A positive anti-viral immunoglobulin M (IgM) test with no history of vaccination and Plaque Reduction Neutralisation Test (PRNT) titre of yellow fever ≥ 4 greater than positive PRNT titres of Dengue, West Nile and any other flavivirus is considered as a yellow fever positive test. The laboratory testing process takes a total of 2 weeks. Results are entered into the database and shared with MoH and WHO on a weekly basis.

Figure 2: Process flow diagram of the operations of the yellow fever sentinel surveillance system, Uganda, 2012–2022; ELISA: Enzyme linked immunosorbent assay; RT PCR: Reverse transcription polymerase chain reaction


Personnel and tasks in the yellow fever sentinel surveillance system, Uganda, 2012–2022

The surveillance system has various personnel responsible for various tasks within the surveillance system as indicated in the (Table 1).
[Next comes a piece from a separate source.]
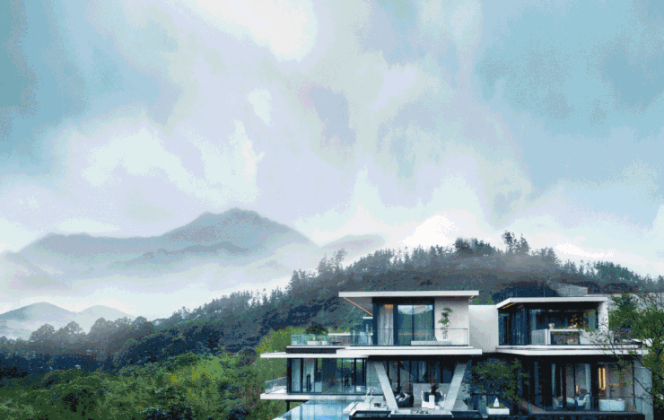 绿城·安吉桃花源-悦山居打造5层低密山居洋房,让建筑如同自然生长的植物一样,成为大地的艺术作品,并以“观山、倚山、隐山”建筑与山体的三种不同关系,让建筑与自然、建筑与人、人与自然的关系都得到了重新组织和设计。

These include clinicians, laboratory technicians, drivers, laboratory staff, project management staff and information analysts. However, the yellow fever sentinel surveillance system does not have staff responsible for data analysis and interpretation of surveillance data generated from the surveillance system.

Availability of surveillance guidelines, documents and protocol for the yellow fever surveillance system, Uganda, 2012–2022

All yellow fever sentinel sites reported having received a written protocol and guidelines on sample collection and storage at the establishment of the sentinel sites. However, by the time of the visit some (3/4) of the yellow fever sentinel sites visited had a copy of these documents.

Data flow, reporting, and feedback mechanism for the yellow fever surveillance system, Uganda, 2012–2022

Health facilities (both sentinel and non-sentinel sites) collect data on suspected cases using the UVRI Viral Haemorrhagic Fever case investigation form. Case investigation forms together with samples that are submitted to the Department of Arbovirology, Emerging and Re-Emerging Infectious Diseases at UVRI for testing.

UVRI then submits results of tested samples reports to the Ministry of Health Public Health Emergency Operations Centre (MoH PHEOC) and the World Health Organisation on a weekly basis using an Epi info database. If there are any positive cases reported, the MoH PHEOC notifies the District Surveillance Focal Persons and through email. However, in practice communication and reporting is mainly one way with no feedback to reporting health facilities.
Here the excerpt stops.